Ook in onderzoek van Hazan et al. (2009) werden geen verschillen gevonden tussen de spraakwaarneming van volwassen dyslectische en normale lezers. Hazan et al. (2009) veronderstelden echter wel dat er een kleine subgroep dyslectici is die problemen blijven hebben met hun spraakwaarneming. Het blijkt dus dat er slechts een minderheid van de dyslectici uitval vertoont op auditieve spraakklankverwerking (Ramus et al., 2002).

Kortom, dat dyslectici subtiele problemen met hun taalperceptie hebben, is in meerdere wetenschappelijke onderzoeken naar voren gekomen (Goswami, 2002; Ziegler et al. 2009).
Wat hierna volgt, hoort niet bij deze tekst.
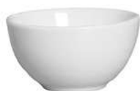
0002-106 Conj. de Bowl Branco Neve 6xØ12,5 cm - 350ml 6 peças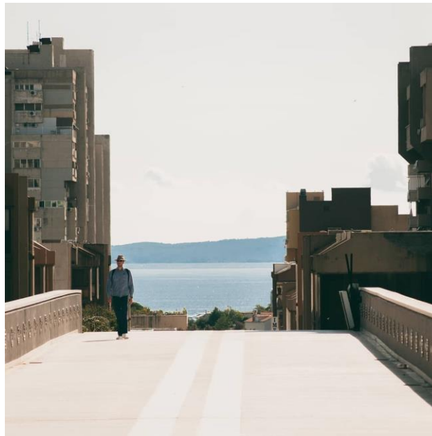
Slika 3 – Pješačka ulica na Splitu 3

De problemen in de spraakklankverwerking worden mogelijk slechts in een kleine groep dyslectici gevonden en er is minder prominent bewijs voor de aanwezigheid van spraakklankproblemen dan voor fonologische problemen (Tallal, 2004; Goswami, 2002).

Familiair Risico op Dyslexie

Er is een behoorlijke hoeveelheid evidentie voor een grote erfelijke factor op het ontstaan van dyslexie (Boets, De Smedt, Vandewalle, Wouters & Ghesquière, 2010; Pennington & Lefly, 2001; Torppa, Lyytinen, Erskine, Eklund, & Lyytinen, 2010; van Bergen et al., 2011). In diverse onderzoeken komt naar voren dat kinderen met minstens een dyslectische ouder 33 tot 66 procent kans hebben op het ontwikkelen van dyslexie (Boets et al., 2010) Dit terwijl enkel 3 procent van de kinderen zonder dyslectische ouders, dyslexie ontwikkelt (Van Bergen et al, 2011). Hierdoor is het waarschijnlijk dat dyslexie in grote mate erfelijk is (zie ook; Gayan & Olson, 2003). Een aantekening die hierbij gemaakt moet worden is dat gezinnen ook hun omgeving delen en dat omgevingsfactoren ook een rol kunnen spelen.
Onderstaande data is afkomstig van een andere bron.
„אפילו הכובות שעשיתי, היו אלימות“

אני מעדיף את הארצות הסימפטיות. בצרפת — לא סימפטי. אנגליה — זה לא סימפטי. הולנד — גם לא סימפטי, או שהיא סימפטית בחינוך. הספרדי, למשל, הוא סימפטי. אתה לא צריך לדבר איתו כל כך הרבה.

Onderzoekers maken handig gebruik van het gegeven dat dyslexie erfelijk is, op basis van familiare kenmerken kan de kans dat kinderen dyslexie ontwikkelen in worden geschat. Op basis van familiair risico zijn de volgende drie interessante groepen te onderscheiden: familiair risicokinderen met dyslexie, familiair risicokinderen zonder dyslexie en controlekinderen zonder familiair risico en zonder dyslexie (controlegroep) (Snowling, Gallagher, & Frith, 2003). Van een familiair risico is sprake wanneer ten minste een ouder dyslexie heeft. Meerdere grote longitudinale onderzoeken (Snowling, Gallagher, & Frith; van Bergen, de Jong, Plakas, Maassen, & van der Leij, 2012) maken gebruik van het onderscheiden van de familiair risicogroepen aangezien er hierdoor een duidelijk beeld kan worden

(13)

geschept van voorspellers van dyslexie. Aan de hand van onderzoeken die gebruik maken van deze drie groepen, kan inzicht gekregen worden in welke kenmerken bijdragen aan het ontwikkelen van dyslexie.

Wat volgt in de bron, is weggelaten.